28. Sydney

683 53 20
                                    

Ik schaam me zo. Lee wilde mij beschermen en nu is zij in haar arm geschoten. Omdat ik haar niet onder ogen durf te komen, ben ik maar naar de geheime dienst gevlucht. Daar loop ik momenteel door de gangen van het ondergrondse stelsel, op zoek naar Farid.
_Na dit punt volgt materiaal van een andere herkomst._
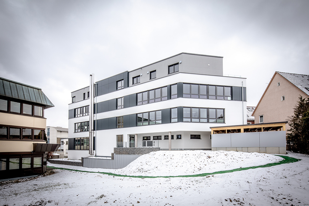 Das Gebäude in der Mörikestraße wirkt mit seinen umlaufenden Fensterfronten, die viel Sonnenlicht in die Wohn- und Gewerberäume lassen, offen und hell. „Funktionale und großzügige Grundrisse schaffen hier eine freundliche Atmosphäre“, erklärt Geschäftsführer Eberhart. „Bei Material und Ausstattung haben wir besonderen Wert auf Qualität und akkurate Verarbeitung gelegt. Der Haushahn lifeLine passt gut in dieses Konzept.“
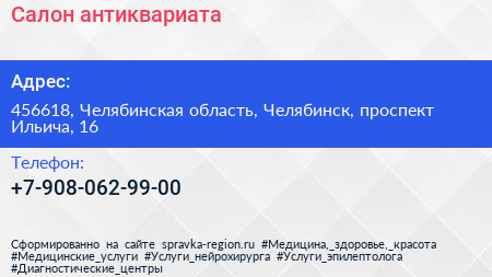 Салон антиквариата по адресу 456618, Челябинская область, Челябинск, проспект Ильича, 16 в дальнейшем Организация, размещена в следующих категориях:
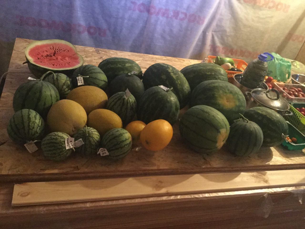 Ну и так далее. Фото много. Но все крупные арбузы с пустотами внутри, хотя на вкус отличные и не переспелые. Гибриды - Кримсон Руби, Фарао и Романза. Сейчас на грядке доспевает арбуз завязавшийся 15 июля и уже "гремит", то есть уже с полостью внутри.
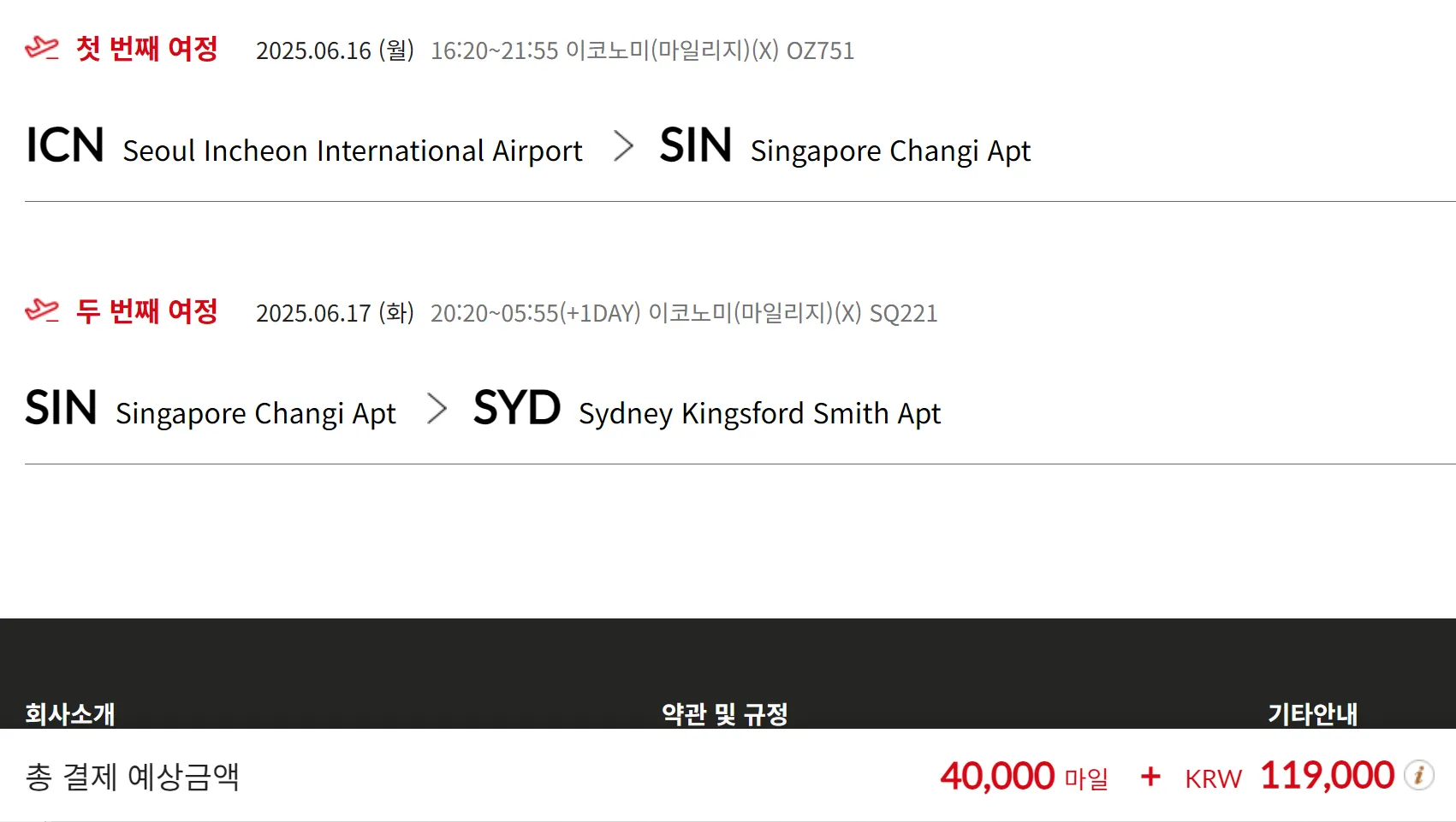 ▼ 인천 출발 시드니 노선(싱가포르 레이오버 포함) · 40,000마일 공제

Hij blijkt met nog twee andere mannen – één van ongeveer zijn leeftijd en één iets jongere – in een vergaderruimte te zitten. Op de tafel tussen hen in liggen allerlei vellen papier en andere spullen. Sommige ervan herken ik en andere niet, maar ik weet precies wat dit is. Bewijsmateriaal. Al deze dingen bij elkaar bewijzen dat Yasser iets van plan was dat niet in de haak was en zullen door de rechter gebruikt worden bij het bepalen van zijn straf. Ik hoop dat hij heel lang de gevangenis in moet. Of nog beter, naar een strafkamp wordt gestuurd.

Farid kijkt op en zijn ogen ontmoeten de mijne. "Ah, daar is onze jonge superspion weer. Of moet ik zeggen topactrice?"

"Hou op. Ik ben helemaal geen superspion. Wat heb ik nou helemaal gedaan voor deze missie?"

"Je hebt de verdachte weten te onderwerpen aan afluisterpraktijken. Dat vind ik een behoorlijke prestatie. Ons was het niet gelukt."

Omdat zij geen tieners meer zijn, maar dat zeg ik maar niet hardop. "Wat gaat er nu gebeuren?"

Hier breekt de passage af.